Minor league affiliations
- Class: Class B (1931, 1938, 1951–1953) Class C (1950) Class AA (1960-1961) Class A (1976-1977) Independent (1994–2014)
- League: Rio Grande Valley League (1931) Texas Valley League (1938) Rio Grande Valley League (1950) Gulf Coast League (1951–1953) Big State League (1954–1955) Texas League (1960–1961) Gulf States League (1976) Lone Star League (1977) Texas–Louisiana League (1994–2001) Central Baseball League (2002–2003) United League Baseball (2006–2010) North American League (2011–2012) United League Baseball (2013–2014)

Major league affiliations
- Team: Detroit Tigers (1938) San Francisco Giants (1960–1961)

Minor league titles
- League titles (4): 1938; 1952; 2000; 2014;
- Conference titles (2): 1950; 1960;
- Wild card berths (3): 1951; 1952; 1953;

Team data
- Name: Harlingen Ladds (1931) Harlingen Hubs (1938) Harlingen Capitals (1950–1955) Rio Grande Valley Giants (1960–1961) Rio Grande Valley White Wings (1976) Harlingen Suns (1977) Rio Grande Valley WhiteWings (1994–2014)
- Ballpark: Harlingen Field

= Harlingen, Texas minor league baseball history =

Minor league baseball teams were based in Harlingen, Texas in various seasons between 1931 and 2014. Harlingen teams played as members of the 1931 Rio Grande Valley League, 1938 Texas Valley League, 1950 Rio Grande Valley League, the Gulf Coast League from 1951 to 1953, Big State League in 1954 and 1955, Texas League in 1960 and 1961, 1976 Gulf States League and 1977 Lone Star League , winning four league championships. The Rio Grande Valley WhiteWings played in various leagues between 1994 and 2014. The Harlingen minor league home ballpark was Harlingen Field.

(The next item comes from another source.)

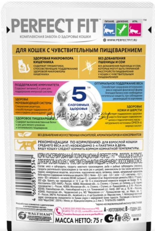 Для влажного корма PERFECT FIT Sensitive рагу с лососем для кошек с чувствительным пищеварением была разработана специальная рецептура, не содержащая пшеницу и сою, которые могут быть причиной расстройств пищеварения у кошек.

Harlingen teams were a minor league affiliate of the Detroit Tigers in 1938 and San Francisco Giants in 1960 and 1961.

==History==
Minor league baseball began in Harlingen, Texas in 1931. The Harlingen Ladds played briefly as members of the 1931 Rio Grande Valley League and placed third in their first season of play. On July 29, 1931, the Ladds had a record of 43–49, playing under manager Paul Trammel, when the Rio Grande Valley League folded.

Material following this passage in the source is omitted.